Abstract
A plate-tectonic model for the evolution of Middle America and the Gulf of Mexico-Caribbean Sea region is presented. The model, which is based upon the existence of the Mojave-Sonora megashear, incorporates into the Triassic Pangea reconstruction three microplates between North and South America, thus avoiding the overlap of the Bullard fit. These plates are the Yaqui, bounded on the north by the Mojave-Sonora megashear; the east and west Maya plates, bounded on the north by the Mexican volcanic zone and on the south by a predecessor of the Motagua fault zone; and the Chortis plate (parts of Guatemala and Honduras). During Late Jurassic time, as North America split away from Europe, Africa, and South America, shear, with left-lateral sense of displacement, occurred along the transform faults that bounded the micro-plates.

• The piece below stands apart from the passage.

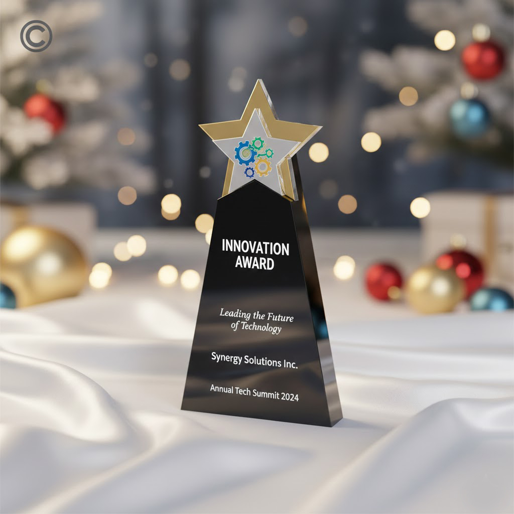 Celebrate your team’s success with our stunning Acrylic Star Awards Mementos. Featuring a modern black and gold design, these bespoke pieces are perfect for annual conventions and employee recognition.”

If ∼800 km of left-lateral displacement along the Mojave-Sonora megashear, ∼300 km along the Mexican volcanic belt, and ∼1,300 km along a proto-Motagua megashear are restored, and if Yucatan and Cuba are rotated to fit against northern South America, then (1) a curvilinear belt of late Paleozoic rocks that show lithologic as well as paleontologic similarities extends across the reconstruction and links outcrops in Texas, eastern Mexico, nuclear Central America, and Colombia; (2) a Mediterranean-like sea is delineated that was a precursor of most of the present Gulf of Mexico; (3) correlation is implied between the distinctive quartzose San Cayetano Formation of Cuba and the Caracas and Juan Griego Groups of Venezuela.

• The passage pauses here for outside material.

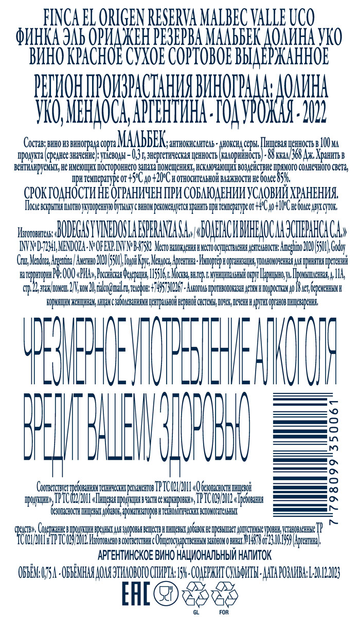 Вино Финка эль Ориджен Резерва Мальбек красное сухое 0,75 л

Geometric constraints suggest that probably shear initially occurred along the Mexican volcanic zone near the end of the Middle Jurassic. Subsequently, probably about 160 m.y. ago, displacements that total ∼800 km began along the Mojave-Sonora megashear. Contemporaneously, Yucatan and fragments of pre-Cretaceous rocks that compose parts of central and western Cuba migrated northward toward their present positions. Rotation of Yucatan was facilitated by considerable displacement along the proto-Motagua zone and along a zone that is probably coincident with the modern Salina Cruz fault. Accumulation of widespread major salt units of Late Jurassic (Callovian to early Oxfordian) age in the Gulf Basin probably occurred contemporaneously with the arrival of these blocks at their present positions. Clastic units that interfinger with some of the youngest salt units and rim the Gulf of Mexico have not recorded major recognized translations since their accumulation.

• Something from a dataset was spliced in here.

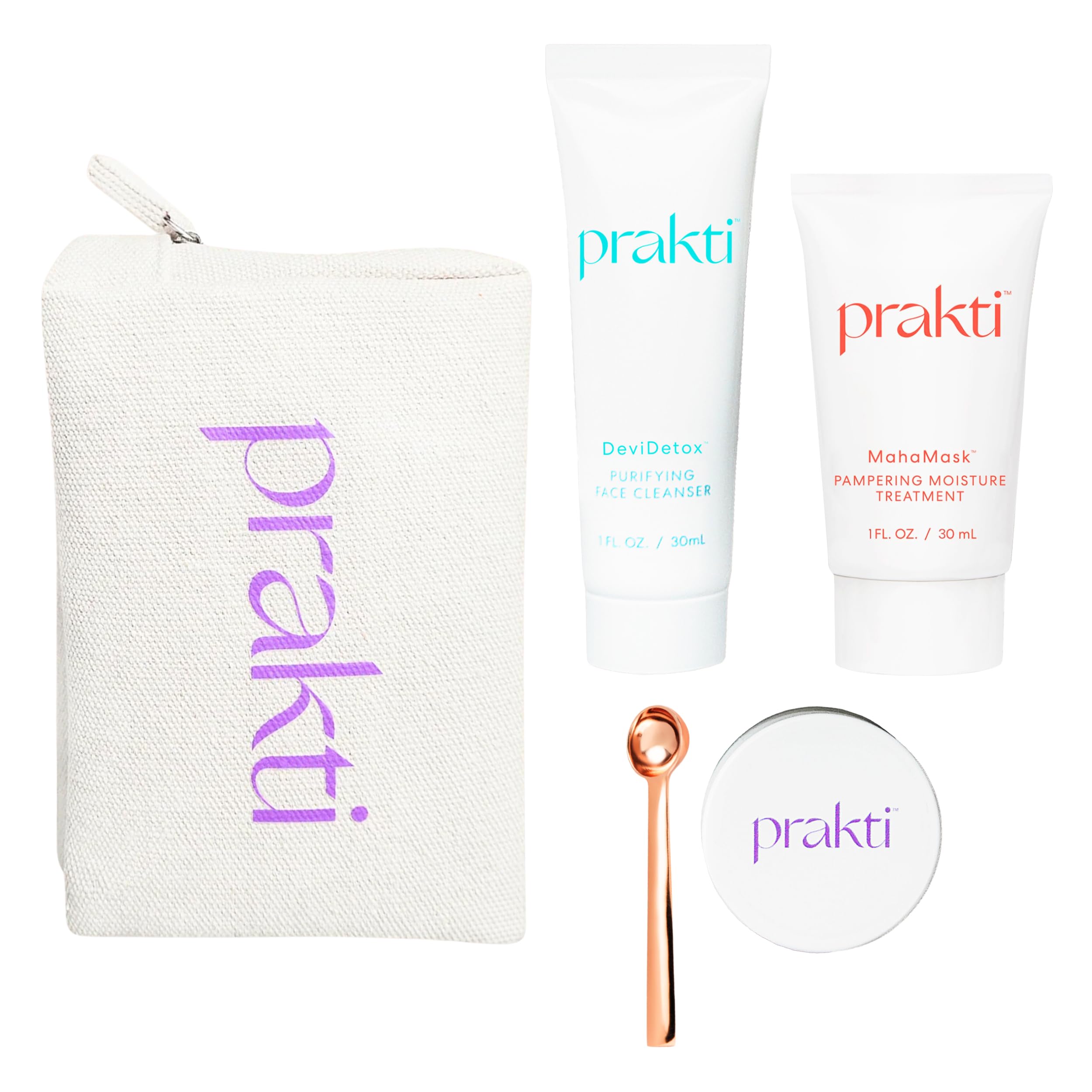 Prakti Path to Priti On-The-Go Essentials Set with Purifying Cleanser Exfoliator and Moisture Mask Travel Skincare Set

Clockwise rotation of South America and the Chortis plate occurred during Early Cretaceous time. This movement, which was manifested by subduction of Jurassic ocean floor against the previously rifted precursor of the island of Cuba and under parts of Hispaniola and Puerto Rico, is recorded by circum-Caribbean orogeny.
Abrupt changes in the relative motions between North and South America during Late Cretaceous time may have resulted in extension and outpourings of basalt upon the Jurassic rocks of the ocean floor of the Venezuelan Basin. West of Beata Ridge, sea-floor spreading formed the Colombian Basin. Related subduction occurred as the Chortis plate (including part of Central America, the Nicaraguan Rise, and southeastern Cuba) was sutured against the Maya East plate along the present Motagua fault and Cayman Trench.
Our model is constrained by published geologic data, the relative positions of North and South America from Atlantic sea-floor magnetic anomalies, and the requirement that the major transform faults be compatible with the poles of rotation for the appropriate relative motions between North and South America. Paleomagnetic data from Middle America are sparse but do not conflict with the predicted motions of some of the microplates, especially Chortis.